Questa dodicesima edizione vedrà protagonisti a Ravenna, chiamati a raccolta per l’occasione da Martin Bisi, alcune autentiche icone della musica alternativa americana quali i White Hills, alfieri del movimento space/psych-rock ispirato alla scena dei club della Big Apple di fine Anni ’70 e primi Anni ’80, e i Live Skull di Mark C. e Tom Paine – parte della stessa scena avant-noisy newyorkese dai quali emersero Sonic Youth, Lydia Lunch e Swans – accanto al jazz distopico degli straordinari Parlor Walls, guidati della carismatica Alyse Lamb, al noise post-pop del duo Tidal Channel(Genevieve Fernworthy e Billy Cance), e allo stesso Martin Bisi in doppia veste live: con l’omonimo 4tet, che vede protagonista lo stesso Bisi in una nuova formazione sperimentale insieme a Diego Ferri, Oliver Rivera-Drew e Genevieve Fernworthy e con BC35 Collective Set, formazione mobile che presenterà i brani dell’omonimo disco inciso per Bronson Recordings in occasione del trentacinquesimo anniversario degli storici studi di Brooklyn.

Perfetto contraltare di quella di Bisi, la proposta di Radwan Ghazi Moumneh coprirà invece un ampio spettro di latitudini geografiche e artistiche: tra gli act da non perdere, l’art-pop elettronico della scozzeseLucrecia Dalt, l’alfiera della “Cairo New Wave” (movimento che sta cambiando la fisionomia artistica e culturale della capitale egiziana) Nadah El Shazly, di ritorno a Ravenna dopo essere stata ospite di Beaches Brew nel 2018 e il compositore Maurice Louca, altra figura chiave dell’effervescente scena musicale del Cairo (il suo album di esordio con Lekhfa, insieme alla cantante Maryam Saleh e a Tamer Abu Ghazaleh, è stato definito dal Guardian “un trionfo di avanguardia”), ma anche Ata Ebtekar aka Sote, compositore e sound artist nato ad Amburgo ma di base a Teheran, autentica figura di culto del panorama elettronico contemporaneo e l’ecletticaAlexei Perry Cox, scrittrice e musicista canadese già parte della scuderia Sub Pop con il duo Handsome Furs.

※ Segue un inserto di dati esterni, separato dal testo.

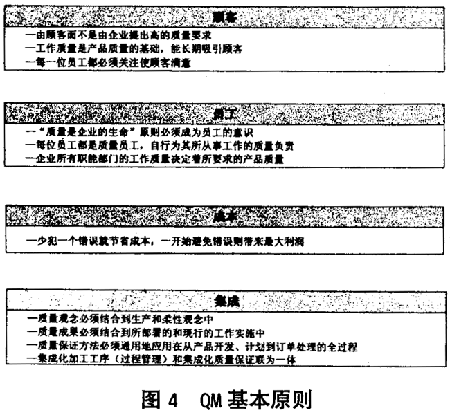 在上述歸納中,頂層是顧客。顧客對產(chǎn)品而不是對管理提出質(zhì)量要求。工作實施的質(zhì)量是產(chǎn)品質(zhì)量的基礎(chǔ),并能長期吸引顧客。每一位員工都必須關(guān)注使顧客滿意。所以,“質(zhì)量是企業(yè)的生命”這一原則必須成為員工的意識。因此,每位員工都是質(zhì)量員工,自行對其所從事工作的質(zhì)量負(fù)責(zé)。企業(yè)所有職能部門工作實施的質(zhì)量決定著所要求的產(chǎn)品質(zhì)量。少犯一個錯誤就節(jié)省成本,一開始避免錯誤則帶來最大利潤。過程集成是QM 的又一項基本原則。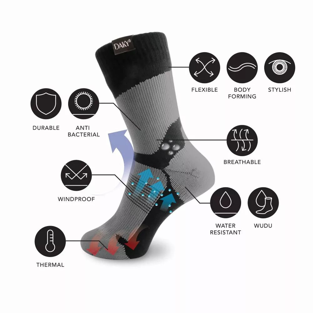 These socks are 100% Wudu Compliant, Waterproof, Breathable with high performance lightweight membrane.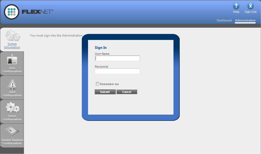 http://localhost:PortPortis the HTTP port number that is used to host the Web server; this is configured when the FlexNet Licensing Server software is installed. The default port number is 8090. -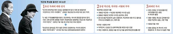 ◆가족을 둘러싼 구설=두 친동생 박근령(58) 육영재단 전 이사장과 박지만(54) EG 회장, 그리고 박 회장의 부인 서향희(38) 변호사와 관련된 구설도 박 후보를 괴롭히고 있다. 박 전 이사장은 90년부터 육영재단 운영권을 놓고 박 후보와 22년째 불편한 사이다. 박 전 이사장은 2008년 육영재단 이사장직을 뺏기자 박 후보와 박지만 EG 회장을 상대로 법적 다툼까지 벌였다. 박 전 이사장의 남편이자, 박 후보의 제부인 신동욱(44)씨는 육영재단과 관련해 박 후보와 박지만 회장에 대해 비방글을 유포했다가 명예훼손과 무고 혐의로 1년6개월의 실형을 선고받고 서울구치소에서 복역 중이다. 남편이 구속된 뒤 박 전 이사장은 올해 4·11 총선에서 육영수 여사의 고향인 충북 보은-옥천-영동 선거구에 출마하고자 통일선진당에 공천을 신청했다 낙천했다.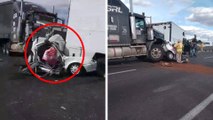 Puebla: Tráiler aplasta por completo coche en plena autopista; se reportan dos personas sin vida y tres lesionados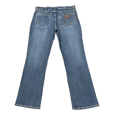 - Wrangler Retro Jeans Mens 36x31 Blue Medium Wash Slim Boot Cut Western Cowboy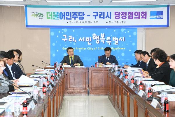 구리시는 지난 22일 오후 5시 시청 상황실에서 국·도비 요청사업 협의, 지역의 주요현안사업 공유와 개선방안 등에 대해 더불어민주당 구리시지역위원회와 당정협의회를 갖고 상호간 협력의지를 확고히 했다.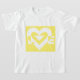 Un logo graphique, fait sur mesure. AMOUR en blanc sur jaune.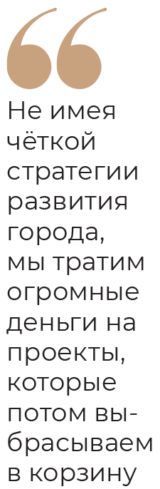 Не имея чёткой стратегии развития города, мы тратим огромные деньги на проекты, которые потом выбрасываем в корзину. Бесконечные обсуждения. Взять тот же зоопарк: сколько этих проектов было? И никакой ответственности.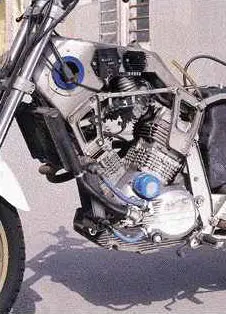 Ecco un dettaglio del nuovo motore inserito in una ciclistica della Cagiva Elefant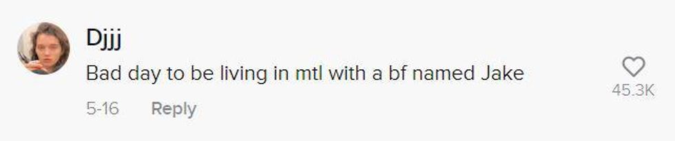 "If your boyfriend's name is Jake and he lives in [Montreal]. He just bought two rings for 'his girl and his side piece'."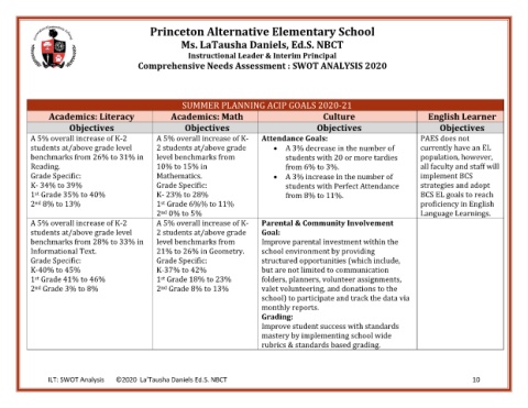 SUMMER PLANNING ACIP GOALS 2020-21

Insieme a loro, l’elettroacustica d’autore del polistrumentista e sperimentatore sonoro australiano Oren Ambarchi (cui il prestigioso magazine britannico d’avanguardia ha dedicato la copertina dell’ultimo numero), i parigini Oiseaux-Tempête, progetto “altruista, poetico e implicitamente militante” costruito intorno al duo Frédéric D. Oberland e Stéphane Pigneul (già ospite in studio dello stesso Radwan Ghazi Moumneh), e le contaminazioni tribali e rumoristiche del duo libanese Two or the Dragon, con il loro lavoro che si intreccia profondamente con le performing arts ed il teatro.